Милость крестной феи - Мария Заболотская
Маленькая лесная мышка, безошибочно почуяв в Эли друга больших и малых зверей, показалась из травы и быстро взобралась по ее изорванной юбке. Но, как ни странно, ее не заинтересовали крошки хлеба – мышка пыталась забраться в карман, желая составить компанию пленнице.
– Ох, да ты же порежешься! – прошептала Эли, пытаясь незаметно ее прогнать. – Там лежит кое-что очень острое!
Мышка, словно поняв ее слова, серым шариком скатилась обратно в траву, напоследок что-то пискнув, а Эли, если бы могла, хлопнула бы себя ладонью по лбу от досады: отчего же она до этой самой минуты не вспомнила про осколок? Хоть на что-то сгодился бы подарок феи! И она незаметно сунула связанные руки в карман, пытаясь нащупать онемевшими пальцами острые грани.
Хорошо бы злодеи всегда оказывались глупы и доверчивы… Насколько проще добру было бы их побеждать! Но, увы, голоса путников-чужестранцев звучали всё сердитее и тревожнее, а взгляды, которые они бросали на Эли, становились всё подозрительнее. Они негромко переговаривались друг с другом, то и дело косясь на свою маленькую измученную проводницу, но больше не спрашивали, далеко ли до моста и где усадьба Терновый Шип, – ответы Эли перестали казаться им сколько-нибудь полезными. «Они догадались, что я могу их обманывать!» – подумала девушка, дрожа от усталости и страха.
Ее больше не стегали розгой и не понукали идти быстрее, но затишье это пугало куда больше прежних гневных окриков.
Когда ослепительно-золотые краски знойного дня начали уступать медовым, тягучим оттенкам вечера, путники остановились у обрывистого берега. Здесь лес отступал от реки, и ее излучины были хорошо видны.
Предводительница, недобро усмехаясь, бросила пару отрывистых приказов своим спутникам, и те неторопливо спешились. Эли стояла перед ними, угрюмо глядя в землю.
– Так что же, девочка, – сказала женщина, с трудом подбирая слова на чужом для нее языке. – Где твой мост? Я не вижу его!
– Он дальше, за поворотом, – ответила Эли, уже не надеясь, что ей кто-то поверит.

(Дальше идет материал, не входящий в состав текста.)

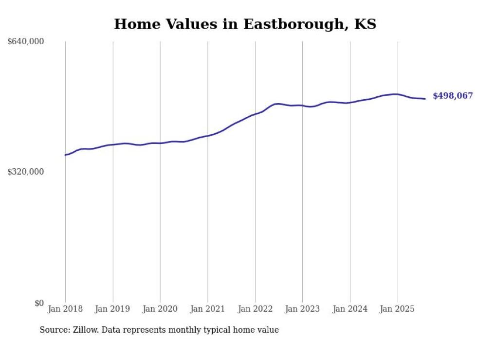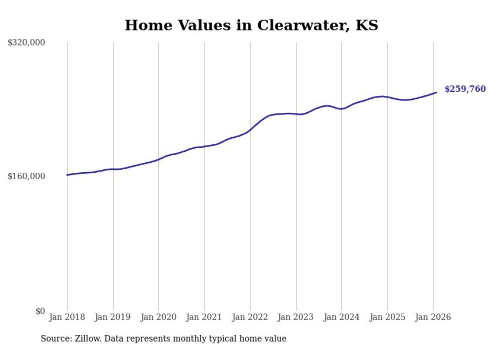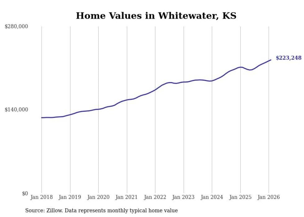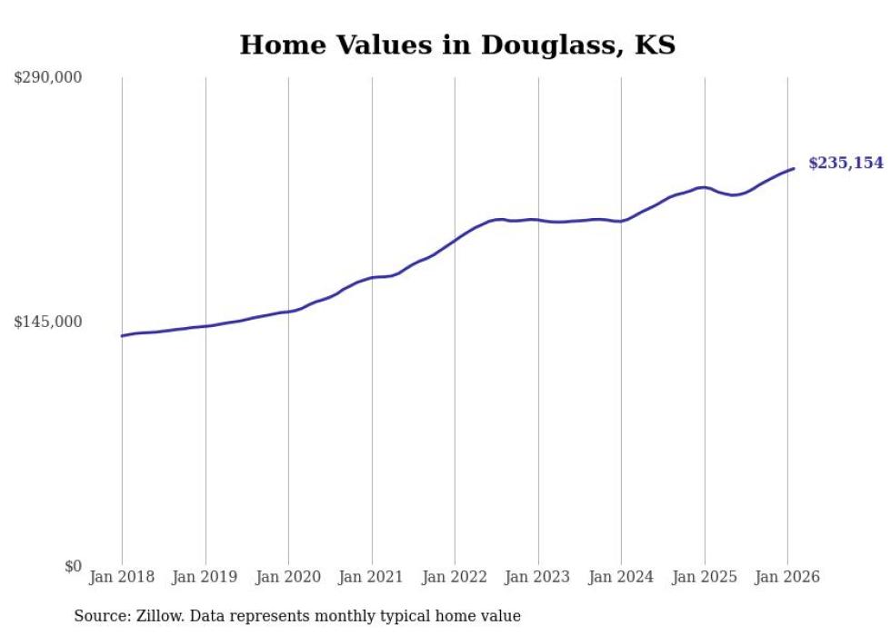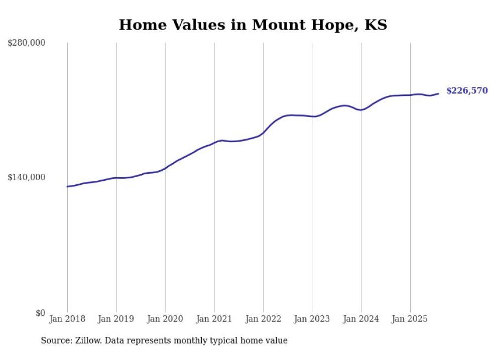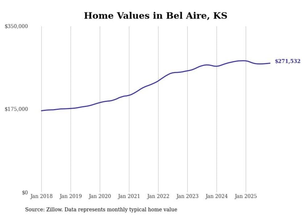 Stacker compiled a list of cities with the most expensive homes in the Wichita metro area using data from Zillow. Charts show the monthly typical home value since January 2018. Data was available for 47 cities and towns.

– Она лжет, – женщина тряхнула головой, словно прогоняя надоедливое насекомое; в голосе ее звучали и досада из-за заминки, и удовлетворение от собственной проницательности. – Необходимо узнать – отчего. Ты защищаешь людей из Тернового Шипа. Они знакомы тебе? Отвечай!

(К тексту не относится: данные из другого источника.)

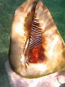 Concha grande y pesada, de hasta 301 mm de longitud.[2] Presenta escudo parietal triangular, amplio de color marrón anaranjado a rosado salmón con una mancha color marrón oscuro en el centro; dientes del labio externo color marfil y manchas marrón oscuro entre ellos; el último giro tiene tres hileras espirales de nudos y ornamentación reticular fina.[3]

И так как Эли молчала, не поднимая взгляда на своих похитителей и всем видом показывая, что не собирается оправдываться или просить пощады, пожилая госпожа вновь отдала короткий приказ, резко взмахнув рукой. Наверняка это означало что-то вроде: «Схватить и пытать, пока не скажет правду!» Для того чтобы это понять, не требовалось знать множество наречий.
Чужакам все еще не хотелось прикасаться к Эли: все-таки подол ее юбки был усеян брызгами крови, а на пересохших губах запеклась темная корка. Но приказ есть приказ, и к тому же обрывать жизнь, которой и без того не суждено быть долгой, кажется делом не столь уж злодейским, – все эти рассуждения легко читались на темных, суровых лицах. Один из мужчин дернул за веревку, которой были связаны руки девушки, чтобы подтащить ее к себе. Но она вместо того, чтобы подчиниться, упрямо попятилась, прижимая руки к груди.

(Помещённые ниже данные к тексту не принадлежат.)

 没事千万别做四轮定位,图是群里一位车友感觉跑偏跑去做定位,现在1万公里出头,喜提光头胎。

– Иди сюда! – крикнул он нахмурившись и дернул за веревку сильнее: кому понравится, когда и без того неприятное дело затягивается из-за несговорчивости жертвы?
– Тебе никуда не деться от нас! Ты думала, что за обман не придется платить?! – вспыльчиво выкрикнула и недобрая женщина. Непокорность была ей не по душе: в руках ее тут же появился хлыст, который она держала привычно и ловко; любой бы догадался, что даме не раз приходилось хлестать тех, кто вызвал ее недовольство. Она привыкла, что стоило ей только замахнуться, как в глазах жертвы появляется страх, а спина жалко горбится, ожидая удара. Но Эли, напротив, расправила плечи и вскинула голову, глядя прямо и смело.
– Не смейте поднимать на меня руку! – воскликнула она так яростно, что пожилая мучительница на мгновение растерялась, приняв непривычное ей бесстрашие за безумие. А Эли, не раздумывая, дернула веревку так сильно, что мужчина, удерживавший ее, от неожиданности разжал пальцы, невольно выругавшись.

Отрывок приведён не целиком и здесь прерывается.